### Exercise instructions
Wherever the listing holds a picture, leave it out, and copy the remainder exactly.

### The data
#####

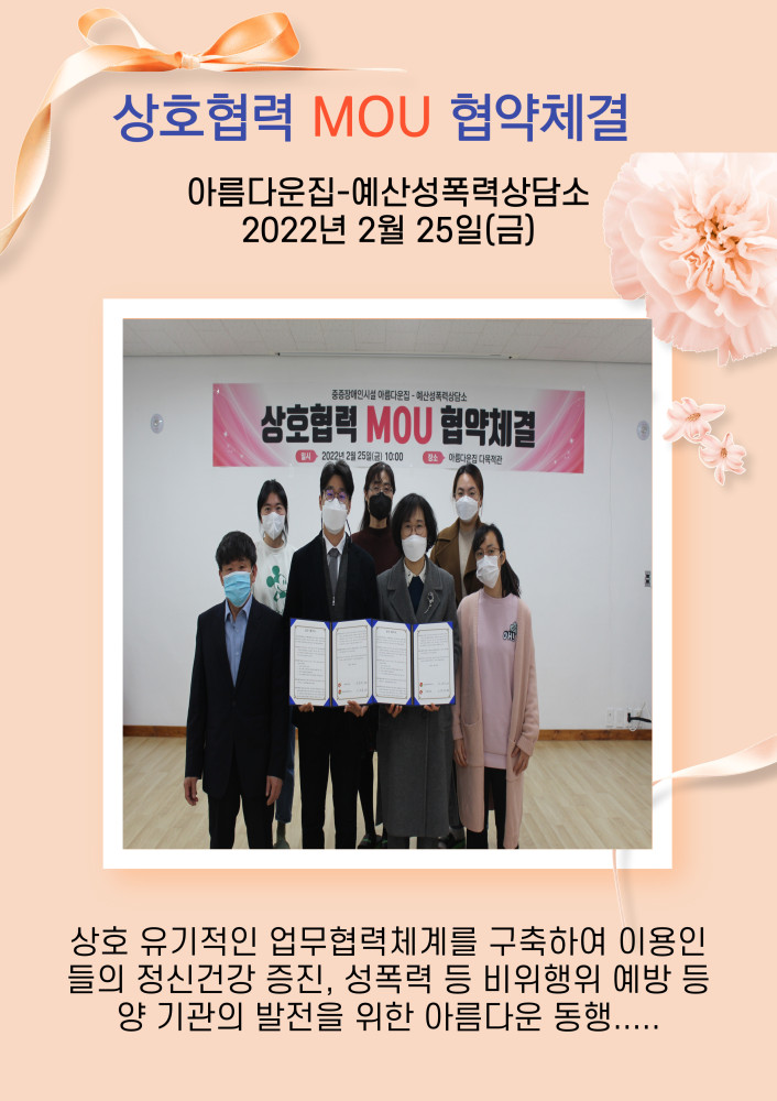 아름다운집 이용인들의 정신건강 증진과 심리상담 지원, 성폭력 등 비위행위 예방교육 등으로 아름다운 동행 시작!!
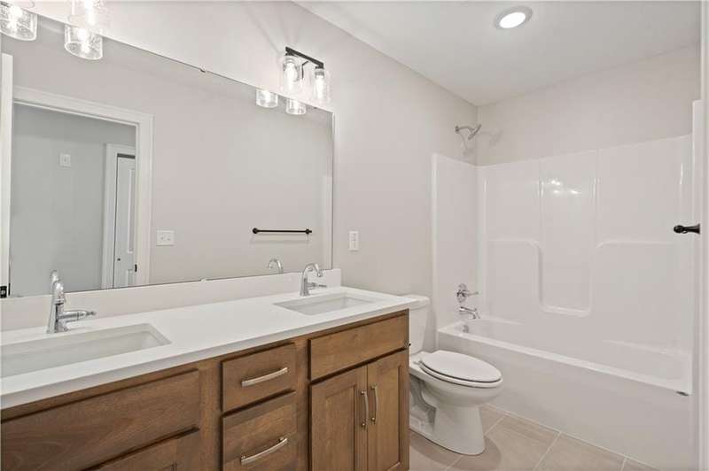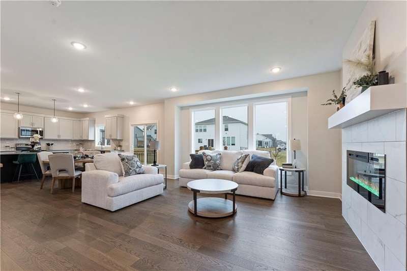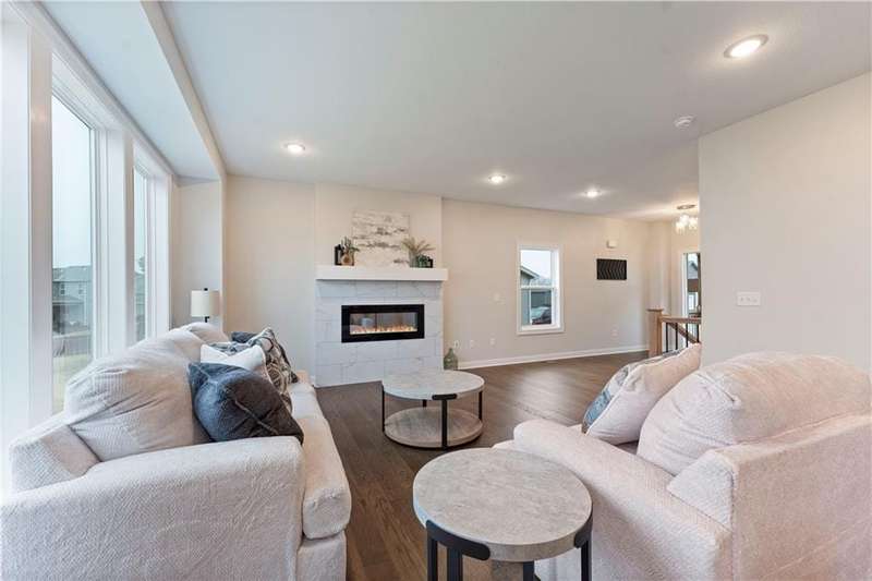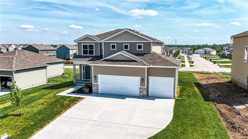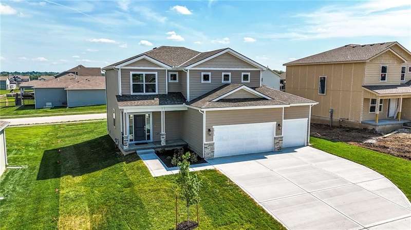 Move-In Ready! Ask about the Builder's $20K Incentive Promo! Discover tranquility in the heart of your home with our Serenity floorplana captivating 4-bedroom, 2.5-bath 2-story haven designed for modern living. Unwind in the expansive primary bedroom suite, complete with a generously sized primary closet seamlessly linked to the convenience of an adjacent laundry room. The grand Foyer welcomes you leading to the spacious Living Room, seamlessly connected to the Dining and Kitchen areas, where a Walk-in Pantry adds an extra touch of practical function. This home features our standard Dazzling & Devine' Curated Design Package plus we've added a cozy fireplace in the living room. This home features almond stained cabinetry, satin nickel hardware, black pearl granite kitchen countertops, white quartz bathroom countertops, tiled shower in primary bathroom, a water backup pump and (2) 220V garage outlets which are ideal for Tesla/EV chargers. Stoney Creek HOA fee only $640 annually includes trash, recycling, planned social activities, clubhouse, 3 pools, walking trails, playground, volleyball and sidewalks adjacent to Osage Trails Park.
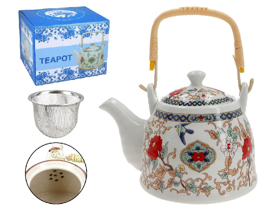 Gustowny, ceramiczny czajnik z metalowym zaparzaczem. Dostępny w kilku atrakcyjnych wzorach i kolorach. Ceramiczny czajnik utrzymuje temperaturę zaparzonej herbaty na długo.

#####

### Task solution
 아름다운집 이용인들의 정신건강 증진과 심리상담 지원, 성폭력 등 비위행위 예방교육 등으로 아름다운 동행 시작!!
 Move-In Ready! Ask about the Builder's $20K Incentive Promo! Discover tranquility in the heart of your home with our Serenity floorplana captivating 4-bedroom, 2.5-bath 2-story haven designed for modern living. Unwind in the expansive primary bedroom suite, complete with a generously sized primary closet seamlessly linked to the convenience of an adjacent laundry room. The grand Foyer welcomes you leading to the spacious Living Room, seamlessly connected to the Dining and Kitchen areas, where a Walk-in Pantry adds an extra touch of practical function. This home features our standard Dazzling & Devine' Curated Design Package plus we've added a cozy fireplace in the living room. This home features almond stained cabinetry, satin nickel hardware, black pearl granite kitchen countertops, white quartz bathroom countertops, tiled shower in primary bathroom, a water backup pump and (2) 220V garage outlets which are ideal for Tesla/EV chargers. Stoney Creek HOA fee only $640 annually includes trash, recycling, planned social activities, clubhouse, 3 pools, walking trails, playground, volleyball and sidewalks adjacent to Osage Trails Park.
 Gustowny, ceramiczny czajnik z metalowym zaparzaczem. Dostępny w kilku atrakcyjnych wzorach i kolorach. Ceramiczny czajnik utrzymuje temperaturę zaparzonej herbaty na długo.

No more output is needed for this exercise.